▸ **Your objective**: All lines below between the line with "ИНФИНИТИ - стильная" and the line with "High-quality classic ornamental", including both, must be copied exactly, and the pictures must be omitted.

▸ **Record excerpts**:
══════════

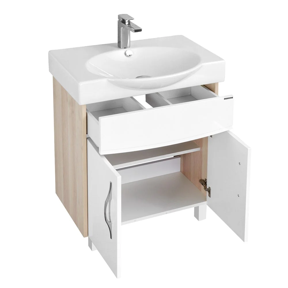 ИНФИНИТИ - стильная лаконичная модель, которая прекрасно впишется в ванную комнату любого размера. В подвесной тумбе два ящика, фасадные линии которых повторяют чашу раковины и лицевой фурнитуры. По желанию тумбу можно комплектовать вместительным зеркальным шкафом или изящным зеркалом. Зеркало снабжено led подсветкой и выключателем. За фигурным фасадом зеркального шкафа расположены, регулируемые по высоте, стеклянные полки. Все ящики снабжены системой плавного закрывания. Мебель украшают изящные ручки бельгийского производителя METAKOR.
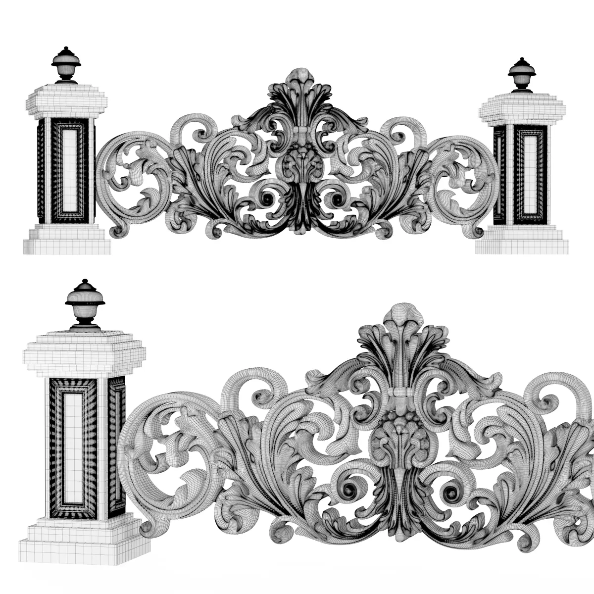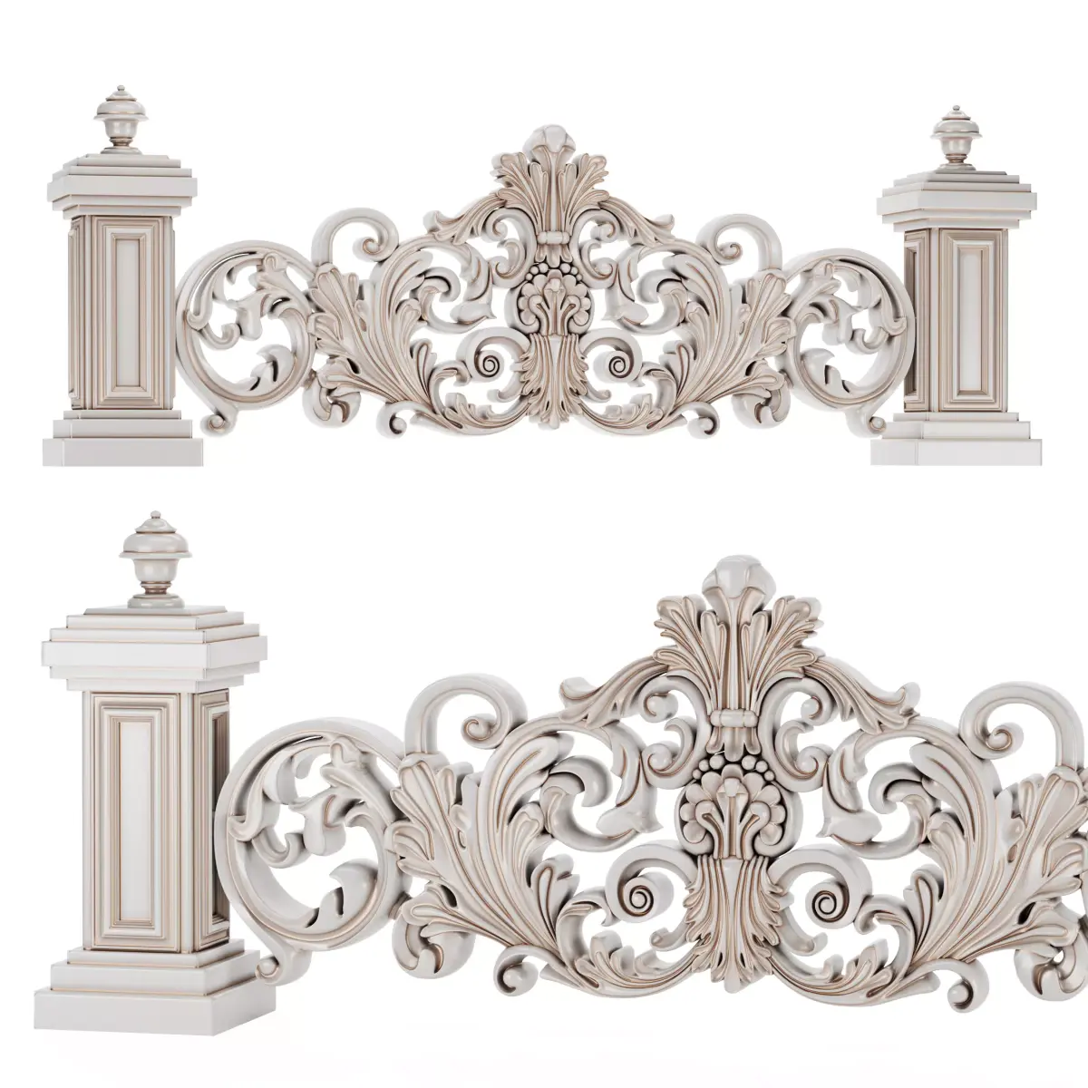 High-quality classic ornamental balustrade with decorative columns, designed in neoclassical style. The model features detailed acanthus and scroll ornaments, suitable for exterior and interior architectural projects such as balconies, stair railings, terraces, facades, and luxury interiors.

══════════

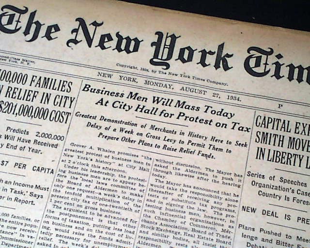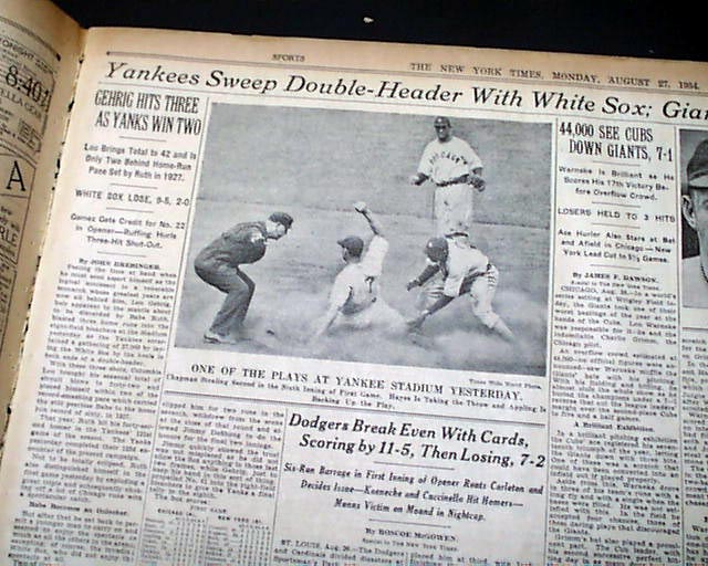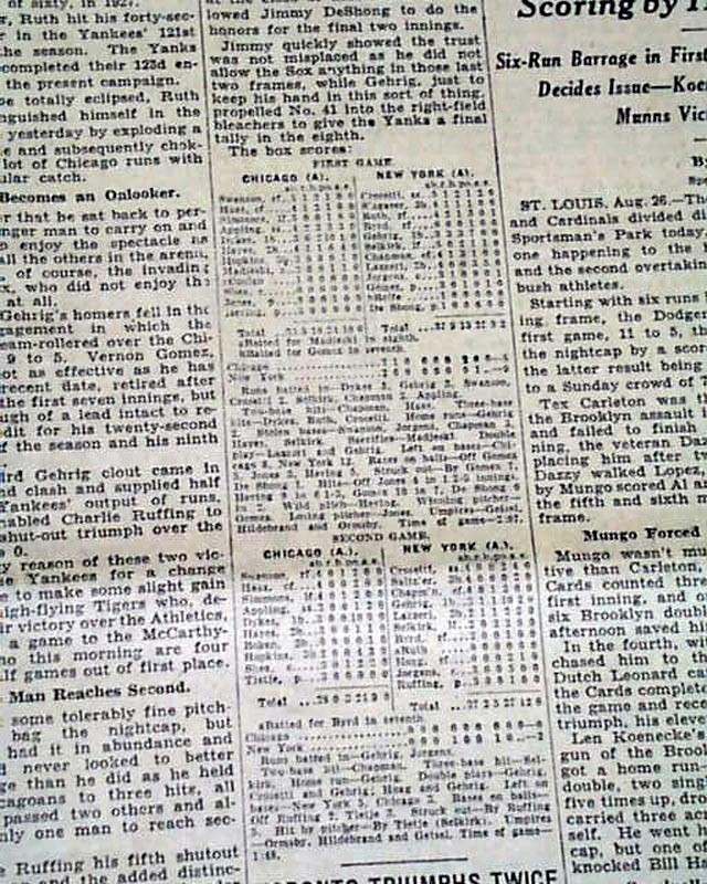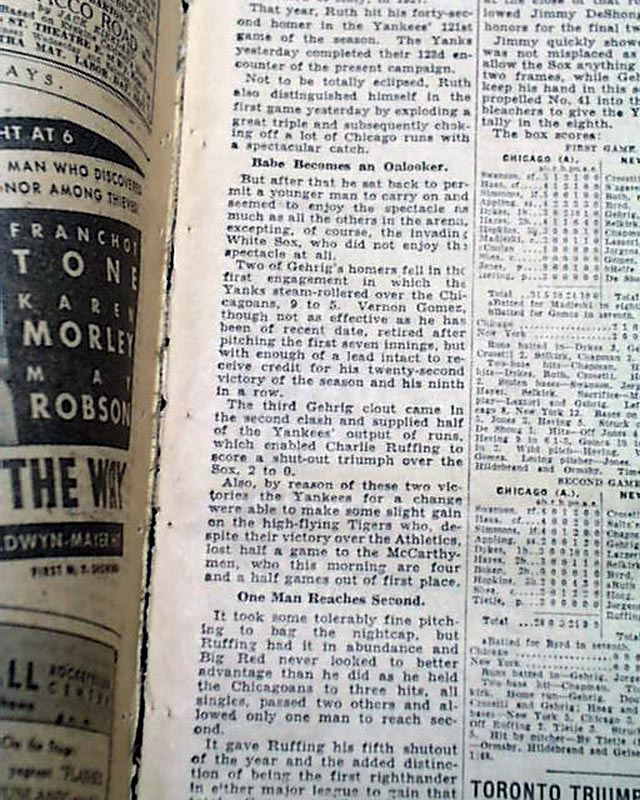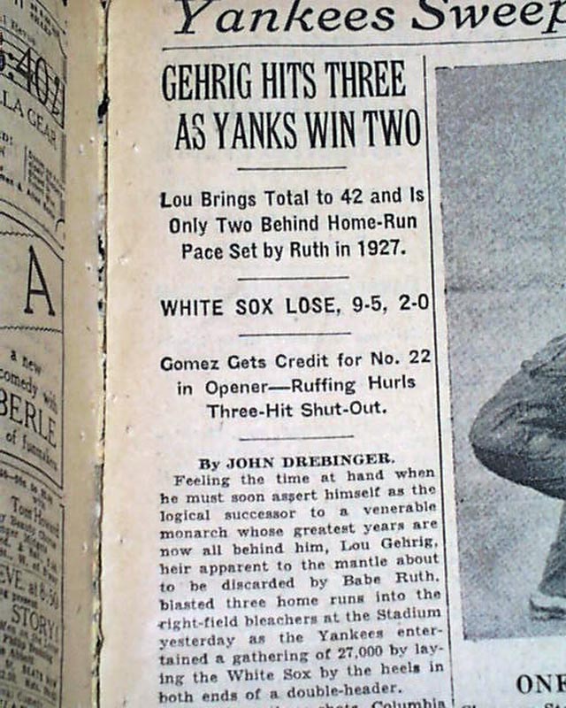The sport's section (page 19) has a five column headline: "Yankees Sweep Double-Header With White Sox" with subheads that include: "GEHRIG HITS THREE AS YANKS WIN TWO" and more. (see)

══════════

▸ **Answer to the problem**:
 ИНФИНИТИ - стильная лаконичная модель, которая прекрасно впишется в ванную комнату любого размера. В подвесной тумбе два ящика, фасадные линии которых повторяют чашу раковины и лицевой фурнитуры. По желанию тумбу можно комплектовать вместительным зеркальным шкафом или изящным зеркалом. Зеркало снабжено led подсветкой и выключателем. За фигурным фасадом зеркального шкафа расположены, регулируемые по высоте, стеклянные полки. Все ящики снабжены системой плавного закрывания. Мебель украшают изящные ручки бельгийского производителя METAKOR.
 High-quality classic ornamental balustrade with decorative columns, designed in neoclassical style. The model features detailed acanthus and scroll ornaments, suitable for exterior and interior architectural projects such as balconies, stair railings, terraces, facades, and luxury interiors.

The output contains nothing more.